- _WHAT THE TASK ASKS_:
Exact copy, pictures excluded: the lines from the one containing "Organixx Clean Sourced" to the end of the listing.

- _STORED DATA_:
=-=-=

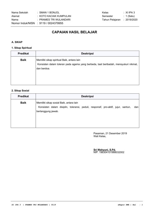 XI IPA 3 | PRAMES TRI WULANDARI | 9119 eRapor SMA | Hal : 1
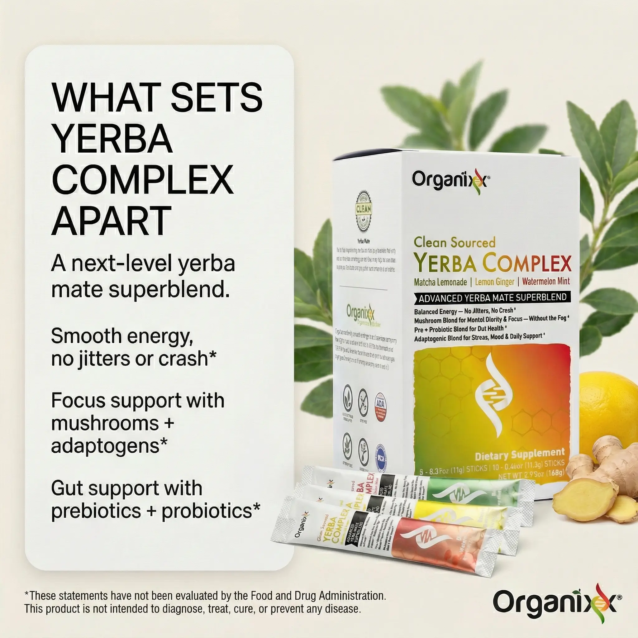 Organixx Clean Sourced Yerba Complex Drink Mix – Yerba Mate Superblend for Energy, Digestion & Daily Vitality – 100mg Caffeine
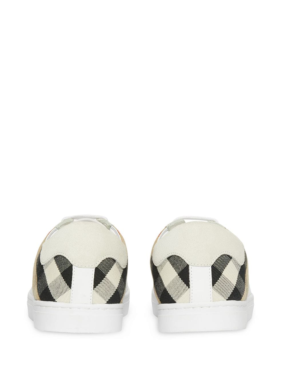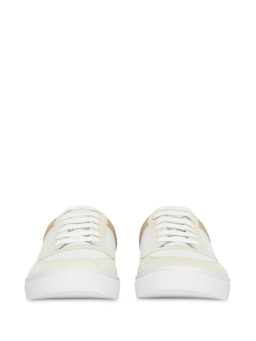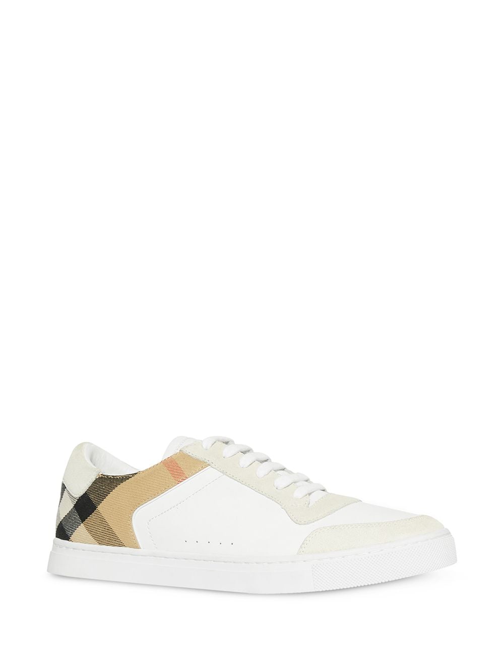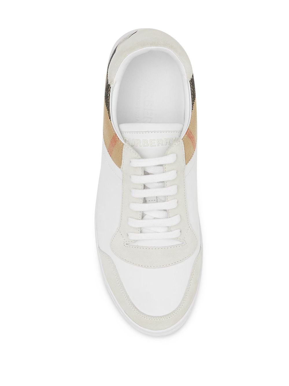 Kickstart your days with these white calf leather, calf suede and sheepskin and Archive beige cotton blend House Check panel sneakers from Burberry. Checkmate. Featuring contrasting panels, a brand embossed tongue, a lace-up front fastening, a perforated detail, a round toe and a flat rubber sole.
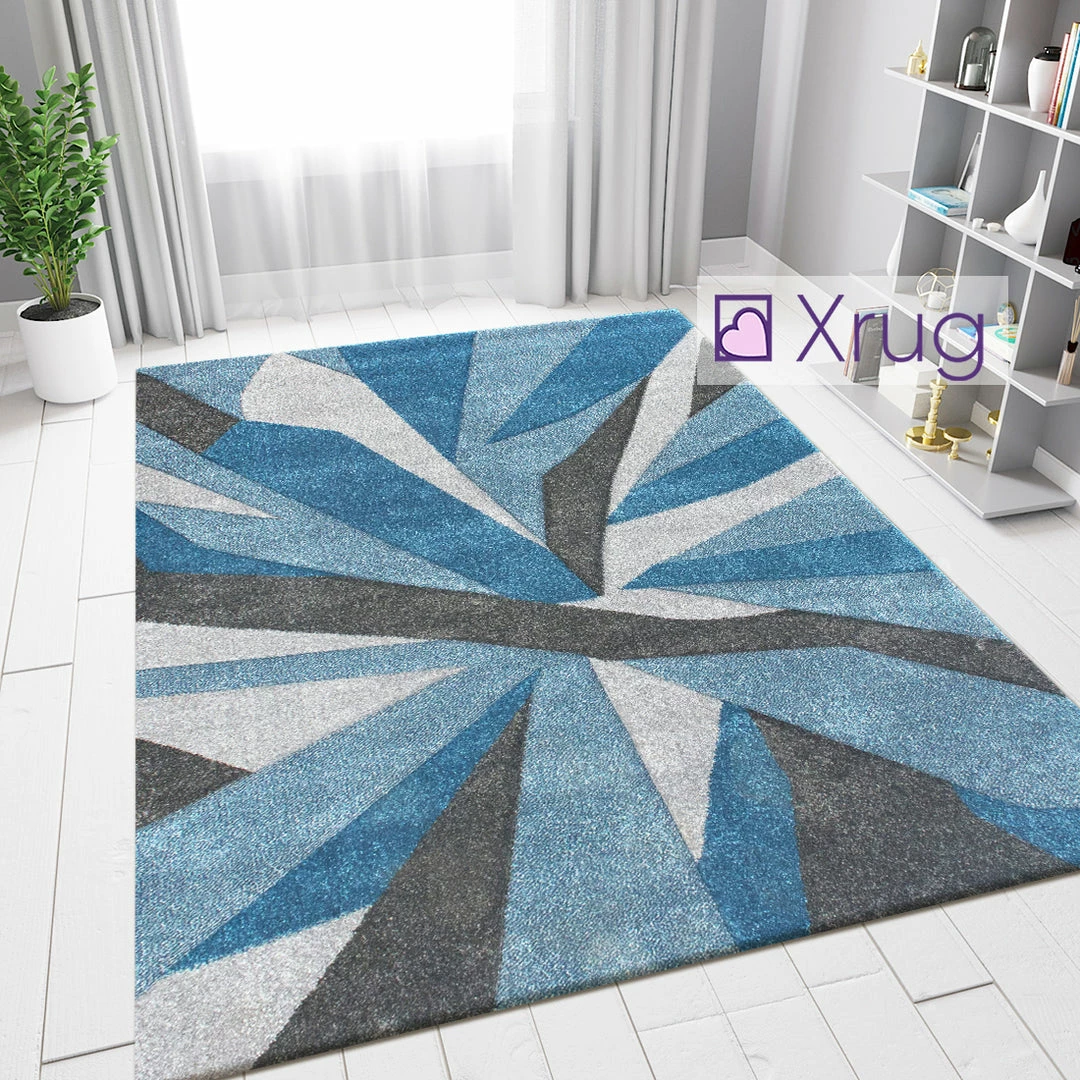 Xrugs Blue And Grey Rug Abstract Contour Cut Pattern Mat Modern Living Room Carpet New

=-=-=

- _ANSWER_:
 Organixx Clean Sourced Yerba Complex Drink Mix – Yerba Mate Superblend for Energy, Digestion & Daily Vitality – 100mg Caffeine
 Kickstart your days with these white calf leather, calf suede and sheepskin and Archive beige cotton blend House Check panel sneakers from Burberry. Checkmate. Featuring contrasting panels, a brand embossed tongue, a lace-up front fastening, a perforated detail, a round toe and a flat rubber sole.
 Xrugs Blue And Grey Rug Abstract Contour Cut Pattern Mat Modern Living Room Carpet New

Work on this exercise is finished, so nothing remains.